::: The input

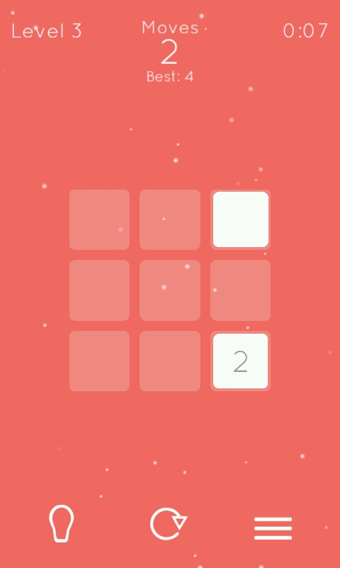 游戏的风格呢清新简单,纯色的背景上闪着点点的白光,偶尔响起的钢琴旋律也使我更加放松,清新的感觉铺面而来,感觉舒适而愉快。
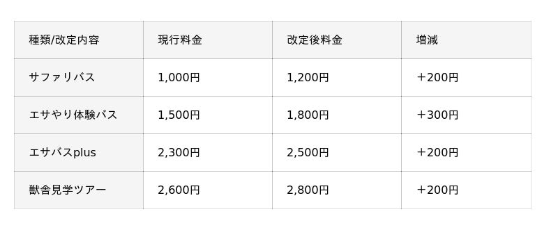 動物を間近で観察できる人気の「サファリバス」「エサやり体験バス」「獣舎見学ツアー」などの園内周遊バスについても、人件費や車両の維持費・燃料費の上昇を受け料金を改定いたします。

::::::
::: The input

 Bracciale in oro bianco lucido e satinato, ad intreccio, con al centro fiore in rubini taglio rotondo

::::::

▸ **What to produce**
Without the pictures, set down the lines above from the line with "游戏的风格呢清新简单,纯色的" up to and including the line with "動物を間近で観察できる人気の" exactly as they stand.

▸ **Answer to this task**
 游戏的风格呢清新简单,纯色的背景上闪着点点的白光,偶尔响起的钢琴旋律也使我更加放松,清新的感觉铺面而来,感觉舒适而愉快。
 動物を間近で観察できる人気の「サファリバス」「エサやり体験バス」「獣舎見学ツアー」などの園内周遊バスについても、人件費や車両の維持費・燃料費の上昇を受け料金を改定いたします。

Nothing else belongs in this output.